Worries about the league’s survival were all too real at its outset, back in 1987. An earlier indoor lacrosse league, which began full of hope in 1974, went down just two years later.
“They had fairly good success the first year,” Evans said. “Because of that, they bumped the salaries up and they upped the schedule (from 40 to 48 games). They bit off more than they could chew. But part of the problem was fluky kinds of things.”
While the decline was partially because of league organizers expanding too quickly, the final blow was the inability of two of the league’s six franchises to find a place to play in 1976, he said.

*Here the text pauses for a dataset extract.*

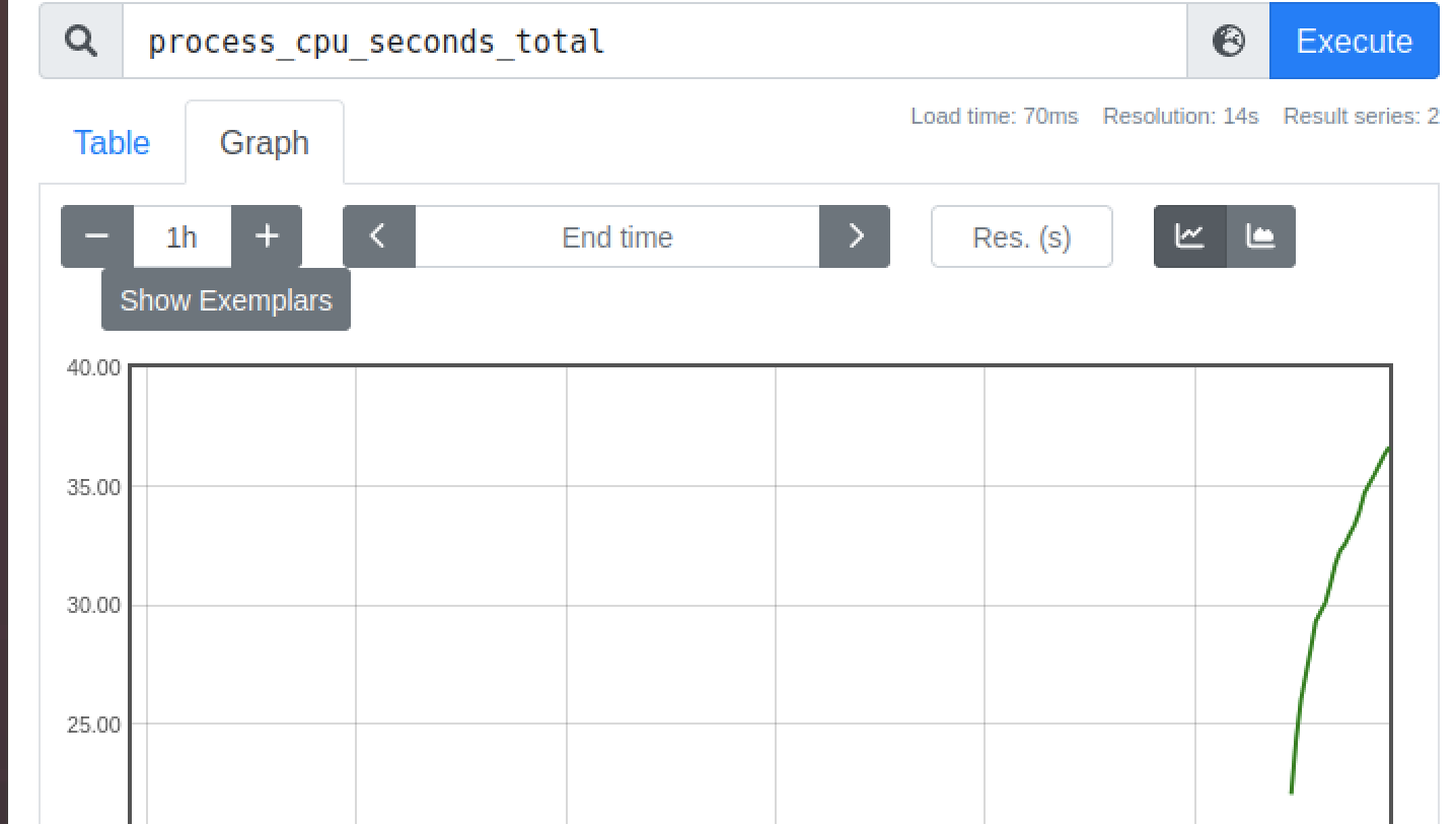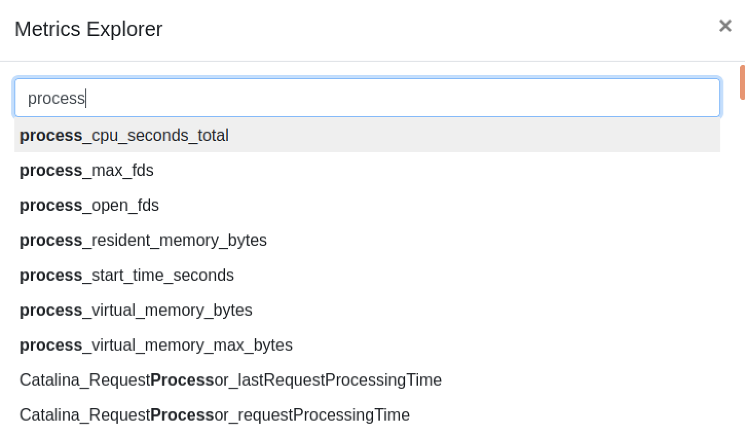 9. JMX-exporter 와의 연동 확인(2) Metrics Explorer 드롭다운에서 'process_cpu_seconds_total'를 선택한다.

The Montreal franchise got bumped from its arena because of the scheduling of Olympic events, and the Boston team was told it no longer could use the Boston Garden because new owners of the Bruins wanted to renovate the arena over the summer, during the lacrosse league’s season.
Organizers of this second go-round have attempted a more modest, eight-game schedule, played between January and March. They attract fairly sizable crowds to each game – upward of 7,000 – although they play only four home contests a season.
Six teams play, all from the Northeast except for the Wings’ Sunday opponent, Detroit. In addition to lengthening the schedule, organizers hope to expand geographically, with California, Texas and Florida in mind.
It was the Northeast, however, that the Canadian Lacrosse Association targeted for a series of indoor lacrosse matchups in the mid-1980s.
“They drew fairly well, which got the attention of the people who own the league,” said Evans, who spends summers in Vancouver. “They went ahead and put it back together again. This is certainly the hotbed.”